EXERCISE INSTRUCTIONS: In the material below, the lines from the one containing "시스템 기반구조 소프트웨어는" through the one containing "瑰季京科968玉米种子大全高" are to be given again exactly, ends included, and no others.

** INFORMATION PROVIDED follows **

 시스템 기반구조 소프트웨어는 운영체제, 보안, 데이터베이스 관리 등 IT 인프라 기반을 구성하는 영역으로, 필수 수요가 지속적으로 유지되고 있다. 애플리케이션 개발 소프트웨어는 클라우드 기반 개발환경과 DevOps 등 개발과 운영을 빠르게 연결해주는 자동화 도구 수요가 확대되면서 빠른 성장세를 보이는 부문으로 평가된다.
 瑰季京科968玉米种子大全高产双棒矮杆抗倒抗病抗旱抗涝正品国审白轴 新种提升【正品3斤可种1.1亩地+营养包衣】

** End of INFORMATION PROVIDED **
** INFORMATION PROVIDED follows **

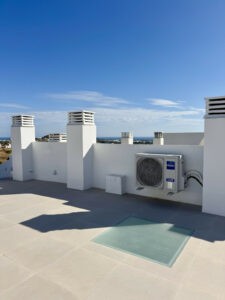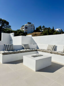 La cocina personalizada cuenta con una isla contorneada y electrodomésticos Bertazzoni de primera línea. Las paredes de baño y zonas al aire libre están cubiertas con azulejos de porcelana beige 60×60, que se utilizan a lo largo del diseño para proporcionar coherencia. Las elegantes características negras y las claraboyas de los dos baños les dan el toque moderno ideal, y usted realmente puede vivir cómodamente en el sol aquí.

** End of INFORMATION PROVIDED **

EXERCISE SOLUTION:
 시스템 기반구조 소프트웨어는 운영체제, 보안, 데이터베이스 관리 등 IT 인프라 기반을 구성하는 영역으로, 필수 수요가 지속적으로 유지되고 있다. 애플리케이션 개발 소프트웨어는 클라우드 기반 개발환경과 DevOps 등 개발과 운영을 빠르게 연결해주는 자동화 도구 수요가 확대되면서 빠른 성장세를 보이는 부문으로 평가된다.
 瑰季京科968玉米种子大全高产双棒矮杆抗倒抗病抗旱抗涝正品国审白轴 新种提升【正品3斤可种1.1亩地+营养包衣】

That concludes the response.